Agent Handoff Summary #

Agent 1 Repo Crawler repo_crawler_output

Agent 2 Test Case Generator test_case_generator_output

Agent 3 Test Engineer test_engineer_output

Activity CreatePullRequest GitHub PR

Producer	Consumer	Artifact kind (`artifacts.kind`)	Correlation key
Repo Crawler	Test Case Generator	`repo_crawler_output`	`run_id`
Test Case Generator	Test Engineer	`test_case_generator_output`	`run_id`
Test Engineer	`CreatePullRequest` activity	`test_engineer_output`	`run_id`

All run_id values are UUIDs matching runs.run_id in the Postgres schema. See migrations/sql/V2__runs.sql.

Agent 1 — Repo Crawler #

The Repo Crawler interrogates the target GitHub repository via the GitHub MCP server (amtp-github-mcp), using the repo.tree tool to enumerate the filtered file tree and the repo.read_file tool to sample key source files. It builds a structured representation of the file tree, entry points, and detected technology stack.
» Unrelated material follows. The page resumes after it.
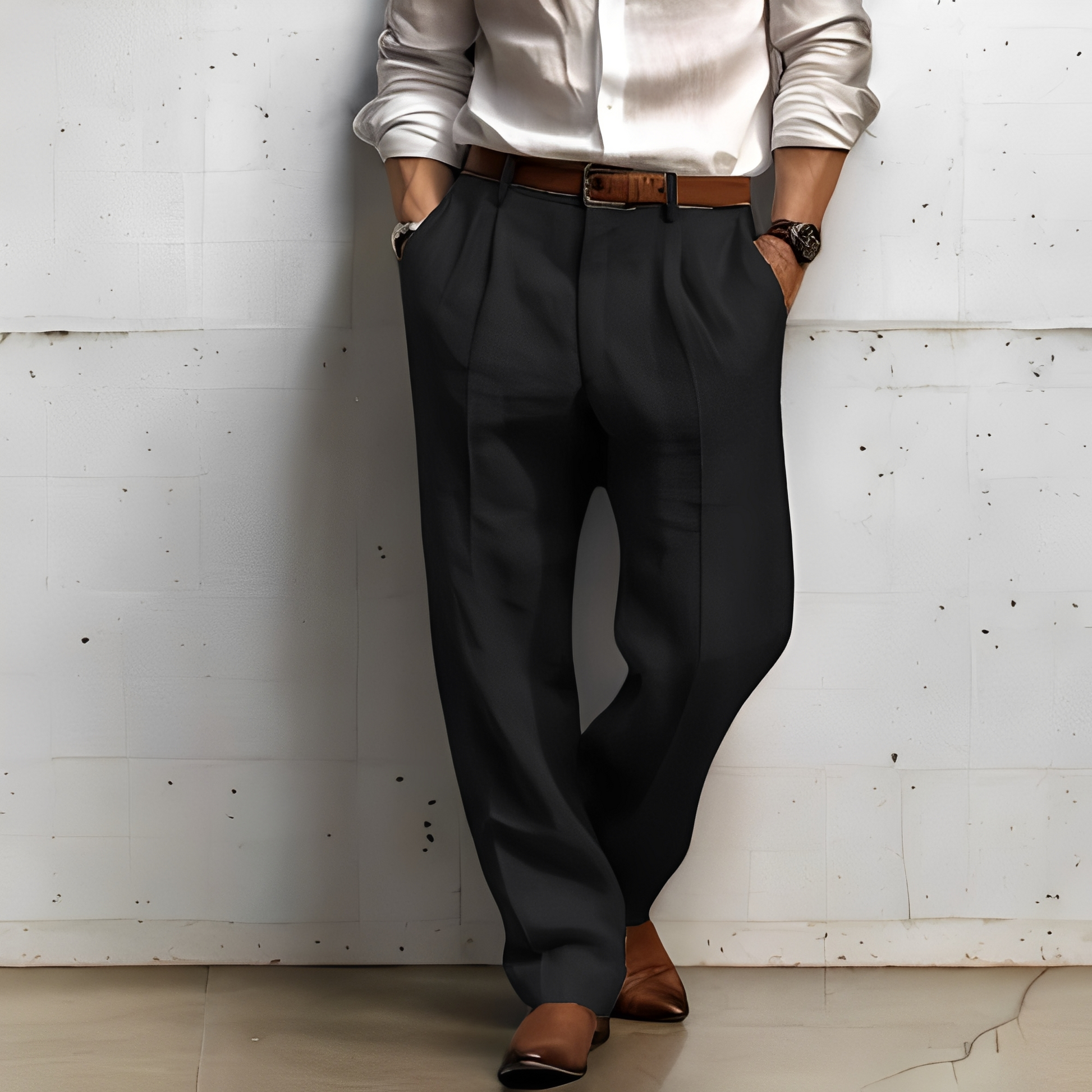 Päivitä vaatekaappisi näillä miesten hengittävillä leveälahkeisilla housuilla, jotka on suunniteltu tarjoamaan mukavuutta ja tyyliä koko päivän ajan. Näissä miesten housuissa on rento ja sulava siluetti, joka liikkuu mukanasi, täydellinen rentoihin ulkoiluihin, kaupunkikävelyihin tai rentoihin viikonloppuihin. Väljä leikkaus ja selkeät linjat yhdistävät klassisen mukavuuden ja nykyaikaisen vetovoiman kaikkiin tilanteisiin. Rento leikkaus ja pehmeä kosketus tekevät niistä ihanteelliset päivittäiseen käyttöön, olipa kyseessä aamukahvin haku tai iltameno. Kevyet ja helposti yhdisteltävät, nämä housut ovat monipuolinen välttämättömyys moderneihin rentoihin vaatekaappeihin.

It does not generate test cases; its sole output is a machine-readable map of what exists in the repository.

Input Schema #

{
  "$schema": "https://json-schema.org/draft/2020-12/schema",
  "$id": "https://amtp.zagtrader.internal/schemas/repo_crawler/input.json",
  "title": "RepoCrawlerInput",
  "description": "Payload injected as the first user message of the Repo Crawler's LLM session.",
  "type": "object",
  "required": ["run_id", "repo_full_name", "ref", "depth_level"],
  "additionalProperties": false,
  "properties": {
    "run_id": {
      "type": "string",
      "format": "uuid",
      "description": "Correlation key matching runs.run_id in Postgres."
    },
    "repo_full_name": {
      "type": "string",
      "pattern": "^[^/]+/[^/]+$",
      "description": "GitHub repository in owner/name format, e.g. 'acme/api'."
    },
    "ref": {
      "type": "string",
      "minLength": 1,
      "description": "Branch name or full commit SHA to crawl."
    },
    "depth_level": {
      "type": "string",
      "enum": ["smoke", "core", "standard", "deep"],
      "description": "Controls crawl breadth: smoke = entry points only; deep = full recursive tree."
    }
  }
}

schemas/repo_crawler/input.json — validated before workflow start.

Output Schema #

{
  "$schema": "https://json-schema.org/draft/2020-12/schema",
  "$id": "https://amtp.zagtrader.internal/schemas/repo_crawler/output.json",
  "title": "RepoCrawlerOutput",
  "description": "Validated JSON persisted as artifacts.kind='repo_crawler_output'.",
  "type": "object",
  "required": ["run_id", "repo_full_name", "ref", "file_tree", "entry_points", "detected_stack", "cache_hits"],
  "additionalProperties": false,
  "properties": {
    "run_id":         { "type": "string", "format": "uuid" },
    "repo_full_name": { "type": "string", "pattern": "^[^/]+/[^/]+$" },
    "ref":            { "type": "string", "minLength": 1 },
    "file_tree": {
      "type": "array",
      "items": {
        "type": "object",
        "required": ["path", "size", "sha"],
        "additionalProperties": false,
        "properties": {
          "path": { "type": "string", "minLength": 1 },
          "size": { "type": "integer", "minimum": 0 },
          "sha":  { "type": "string", "pattern": "^[0-9a-f]{40}$" }
        }
      }
    },
    "entry_points": {
      "type": "array",
      "items": {
        "type": "object",
        "required": ["path", "kind"],
        "additionalProperties": false,
        "properties": {
          "path": { "type": "string", "minLength": 1 },
          "kind": {
            "type": "string",
            "enum": ["api_route", "ui_component", "test_fixture", "config"]
          }
        }
      }
    },
    "detected_stack": {
      "type": "object",
      "description": "Language/framework detection, e.g. {\"runtime\":\"node\",\"frameworks\":[\"express\"]}.",
      "additionalProperties": true
    },
    "cache_hits": {
      "type": "integer",
      "minimum": 0,
      "description": "Number of Valkey MCP cache hits during this crawl."
    }
  }
}

schemas/repo_crawler/output.json — persisted to migrations/sql/V4__artifacts.sql as kind='repo_crawler_output'.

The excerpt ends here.